In vernacular English,[27][28][29][30] begging the question (or equivalent rephrasing thereof) often occurs in place of “raises the question”, “invites the question”, “suggests the question”, “leaves unanswered the question” etc… Such preface is then followed with the question, as in:[31][32]
Begging the question - Wikipedia

Begging the question means “to elicit a specific question as a reaction or response,” and can often be replaced with “a question that begs to be answered.” However, a lesser used and more formal definition is “to ignore a question under the assumption it has already been answered.” The phrase itself comes from a translation of an Aristotelian phrase rendered as “beg the question” but meaning “assume the conclusion.”
Beg (Begging) the Question: What Does it Mean? | Merriam-Webster

Which begs the question.
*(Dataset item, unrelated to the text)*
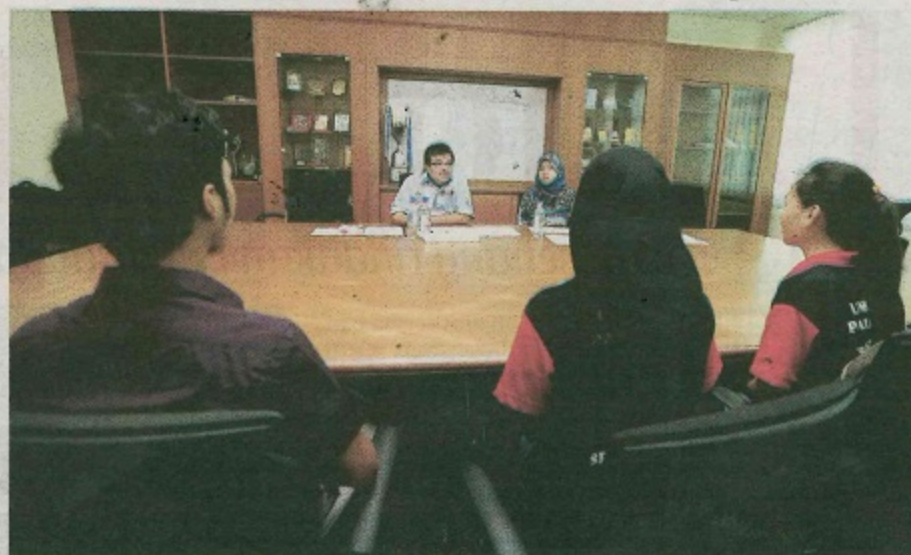
PROGRAM baru masih mampu menawarkan pekerjaan cuma agak terbatas dan memerlukan syarat tertentu seperti pemilihan jantina contohnya. - Gambar hiasan

Ada pihak menyalahkan institusi kerana menawarkan program baru

Are you native english?

The “information” was known, a little tweak to the noggin when I read it, and text prompted from ChatGPT.

Tell me about common misuse of the phrase “Which begs the question”, its actual definition, and what would be the correct replacement phrase when people commonly misuse it.

You can also ask about “vernacular English” or what it’s opposite might be. :upside_down_face:

Ah yes. ChatGPT. Funny. If you tried asking it without bias maybe you would get a non-biased response.

So, if you’re adhering to the traditional definition, the phrase is being used incorrectly in that sentence. However, language evolves, and the phrase is widely understood to mean “raises the question” in casual, modern usage. This is a topic of some debate among language purists, but context often determines whether the traditional or modern interpretation is more appropriate.

So. I’ll leave it there. I’m sorry such a common phrase caused an issue for you. If you’d like to speak Old English with me, go ahead.

P.S. I asked ChatGPT why your post is so confusing and it responded:

Overall, the comment seems to be arguing against the legal or ethical concerns regarding AI’s usage of copyrighted content. However, the way the points are stitched together creates a jumble of perspectives that are not clearly connected, making it hard for the reader to grasp a singular, coherent argument.

So, looks like we both need to improve. I’ll make sure to avoid using a phrase that has a commonly-accepted meaning, and maybe you can focus on being slightly more coherent in your posts.

Especially interesting are the points 93. - 104. in the Authors Guild class action complaint. I think it’s worth a reading.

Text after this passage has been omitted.